When printing the yaml of the pod (which is identical to the other working pods other than hostname), the affinity looks like this :
spec:
affinity:
podAntiAffinity:
requiredDuringSchedulingIgnoredDuringExecution:
- labelSelector:
matchExpressions:
- key: v1.min.io/tenant
operator: In
values:
- <my tenant name>
- key: v1.min.io/pool
operator: In
values:
- pool-1
topologyKey: kubernetes.io/hostname
k3s-node2 has plenty of CPU, RAM, and disk space. The pod that fails to deploy to k3s-node2 shows this status on pod describe :
status:
conditions:
- lastProbeTime: null
lastTransitionTime: "2023-03-20T05:08:11Z"

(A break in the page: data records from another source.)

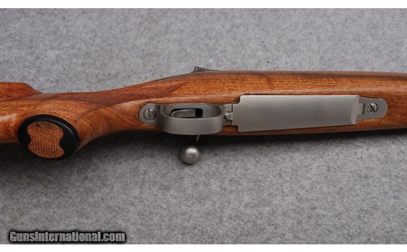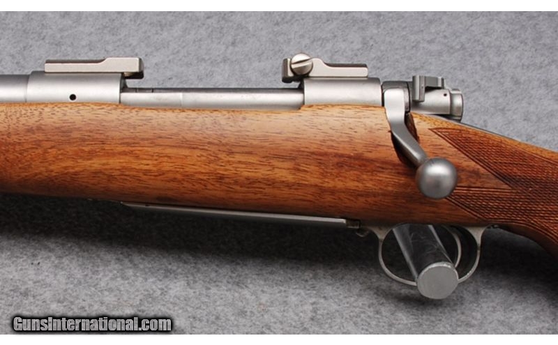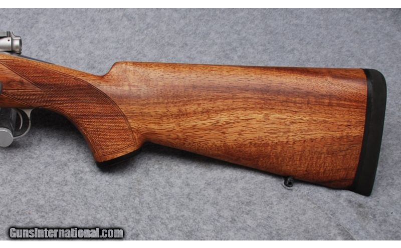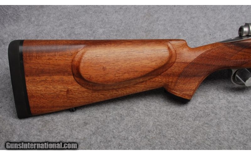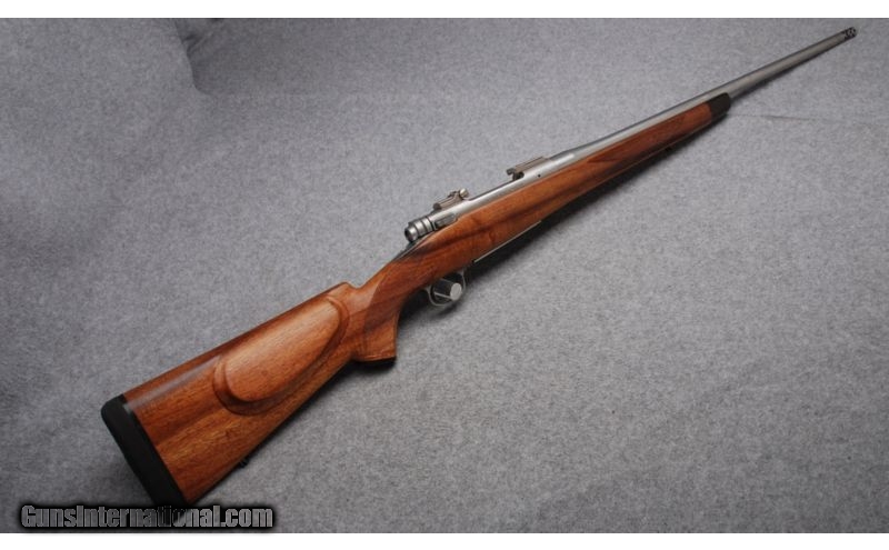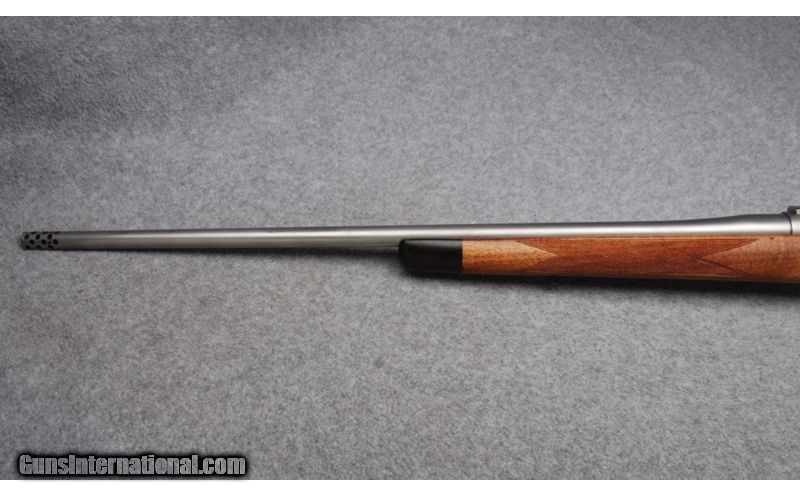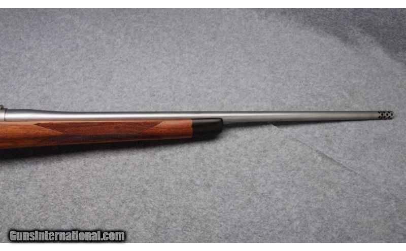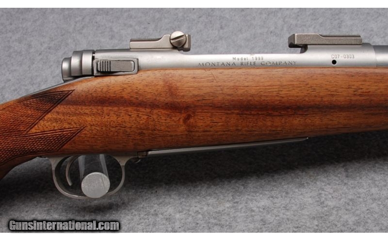 Description: This is a Stainless Steel Montana Rifle Company 1899 Left Handed rifle in .340 Weatherby Magnum. The action is in Excellent condition with a set of twist style 2 piece scope bases. Bottom metal is Very Good to Excellent. The 26 inch barrel has a built in muzzle brake and is in Very Good to Excellent condition with a few handling marks on the front half. The checkered walnut stock is Excellent and has a skeletonized pistol grip cap and a contrasting end cap along with a Decelerator butt pad. SOLD Caliber Info: .340 Weatherby Magnum Metal Condition: Very Good to Excellent Wood Condition: Excellent Bore Condition: Bright and Shiny Barrels: 26" with Muzzle Brake Stock: Checkered Walnut with Contrasting Fore End Cap and Skeletonized Pistol Grip Cap Stock Dimensions: LOP: 14 Butt Pad: Decelerator pad Sights: 2 Piece Twist Style Scope Bases Item Location: Noblesville, IN |
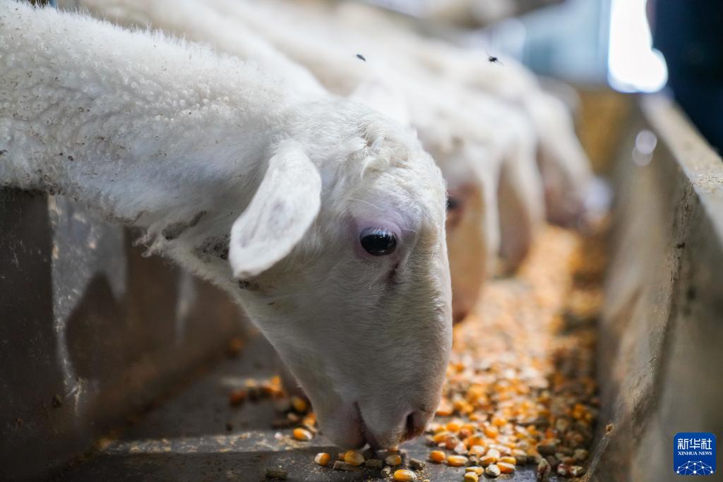 7月21日,伊春森工铁力林业局公司湖羊生态循环产业园中的湖羊在吃饲料。新华社记者 王松 摄
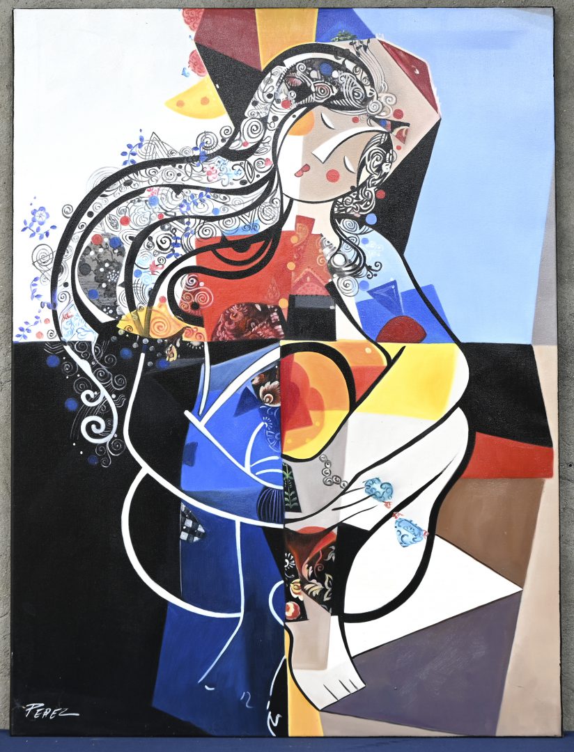 "Stylized woman with veil". Oil on canvas. Signed. Restoration to the top left.
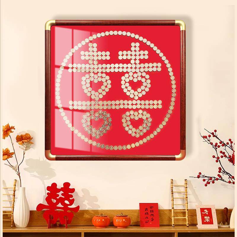 五毛钱硬币福字相框喜字贴乔迁新房挂件5角手工diy结婚礼物送新人
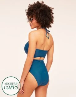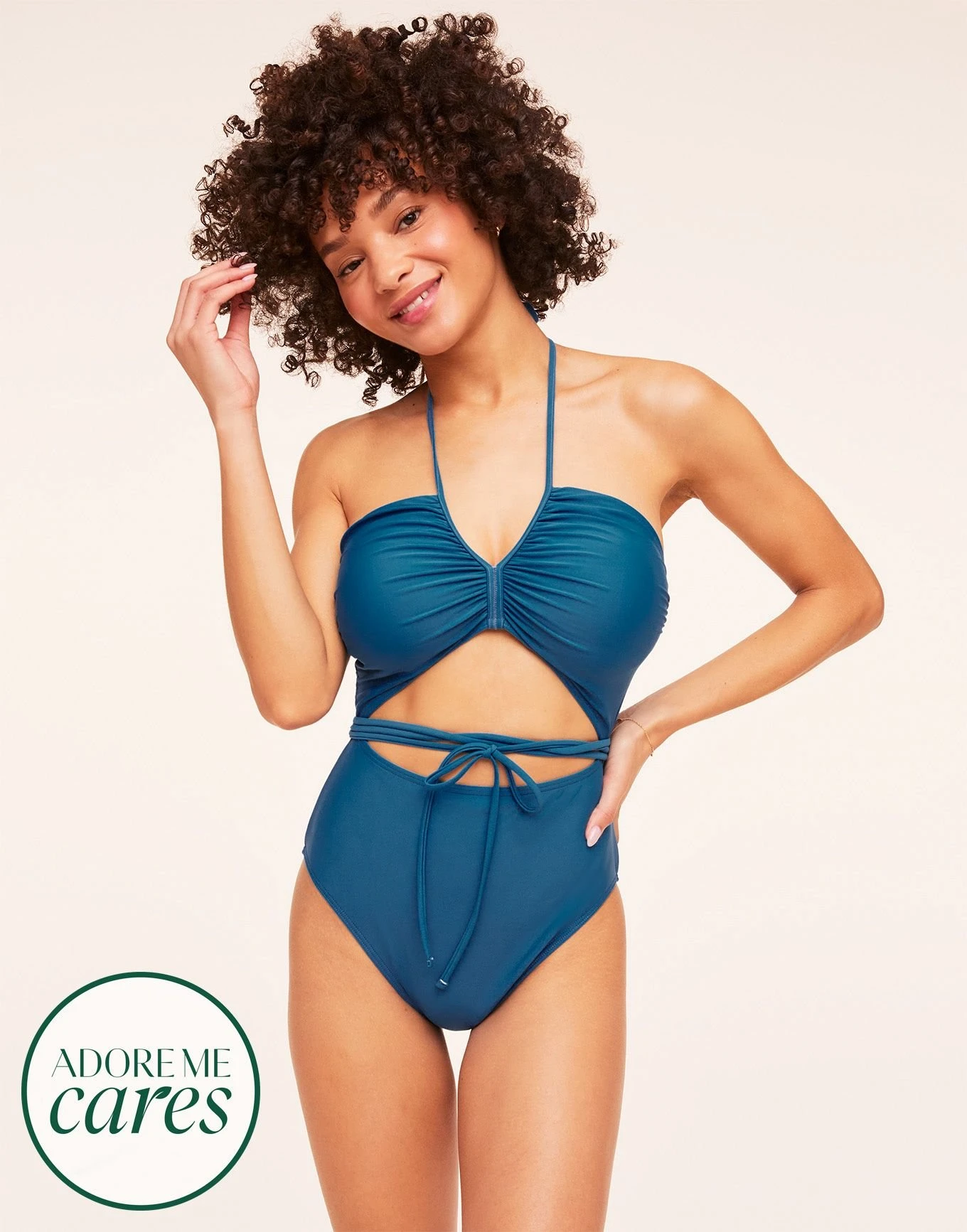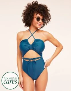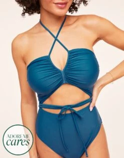 This striking knit dark blue one-piece is perfect for a day on the water. With ruched details, sexy cutouts, and a halter tie closure, this swimsuit is comfortable and totally hot. (Available in sizes XS-XL.)
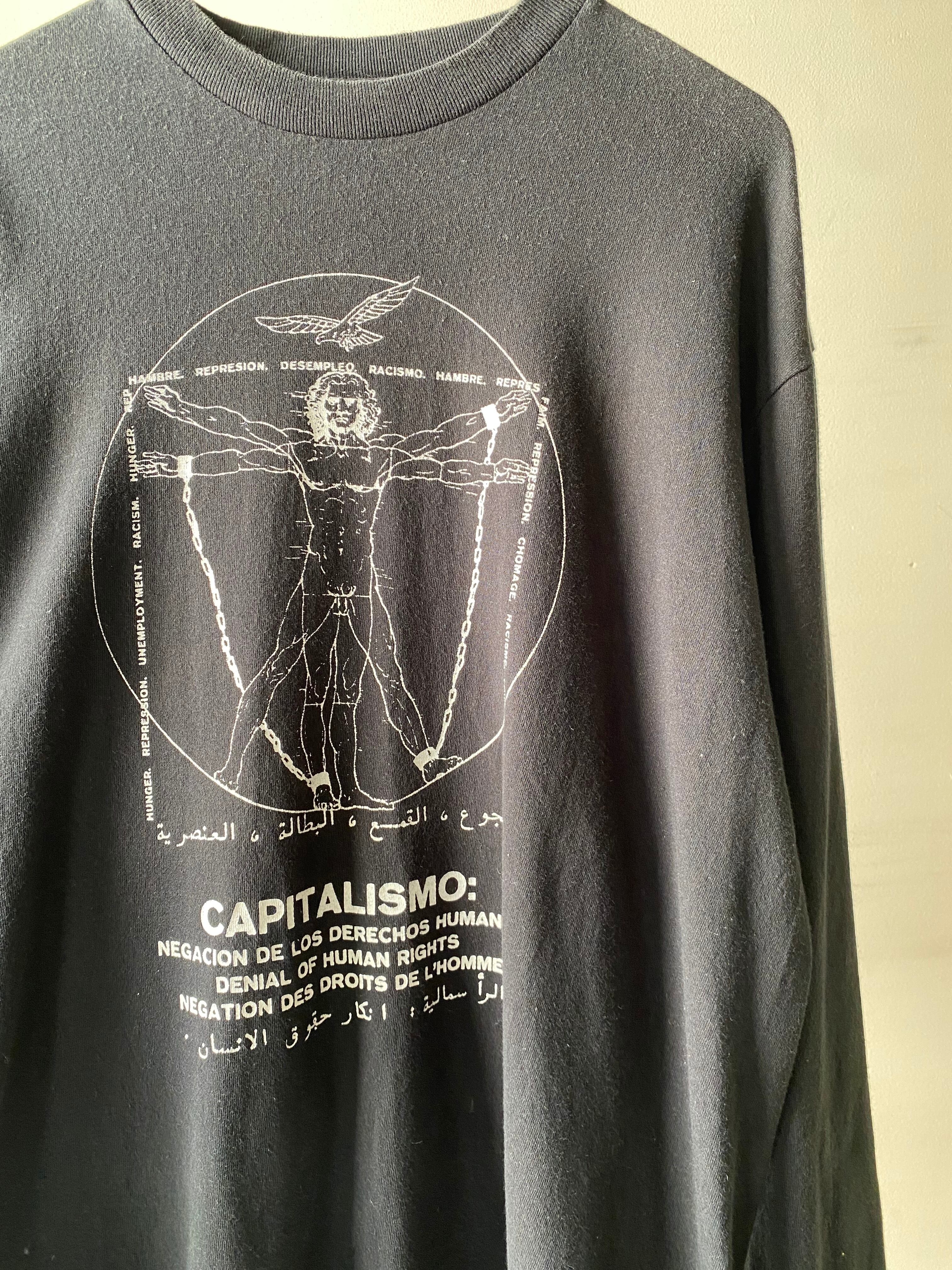 資本主義を意味するCAPITALISMOとそれを否定するメッセージが込められたsupremeのロンT
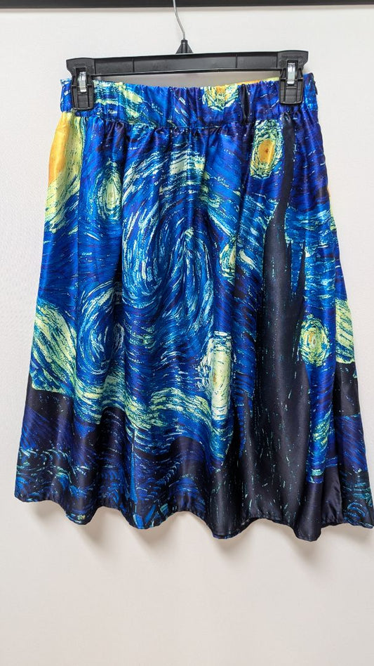 Blue Swirl Artistic Flared Midi Skirt

message: '0/3 nodes are available: 3 node(s) didn''t satisfy existing pods anti-affinity
rules. preemption: 0/3 nodes are available: 3 No preemption victims found for
incoming pod.'
reason: Unschedulable
status: "False"
type: PodScheduled
phase: Pending
qosClass: BestEffort
I've always deployed via namespaces and when testing I've always fully deleted the entire namespace before attempting to redeploy. So I don't think there should be any lingering resources. I've also run
kubectl get pod -o=custom-columns=NODE:.spec.nodeName,NAME:.metadata.name,NAMESPACE:.metadata.namespace --all-namespaces
and see no duplicate pods.
What am I doing wrong here? I've changed zero configuration since it last deployed perfectly but for some reason the topologyKey doesn't seem to recognize k3s-node2, despite the node showing as READY.
EDIT :
Just in case my issue was node roles, I uninstalled K3S on node 2 and node 3 and re-installed (making sure it's installed as agent not server), then added worker label :
NAME STATUS ROLES AGE VERSION
k3s-node1 Ready control-plane,etcd,master 122d v1.25.3+k3s1
k3s-node2 Ready worker 20m15s v1.25.7+k3s1
k3s-node3 Ready worker 12m10s v1.25.7+k3s1
Still doesn't work.
Edit 2 :
I deleted all namespaces, drained node 2 and node 3, deleted those nodes from the cluster, uninstalled K3S on ALL nodes, to do a full restart. The pods deploy now... I have no idea what was causing this. It's a good thing K3S is so easy to set up.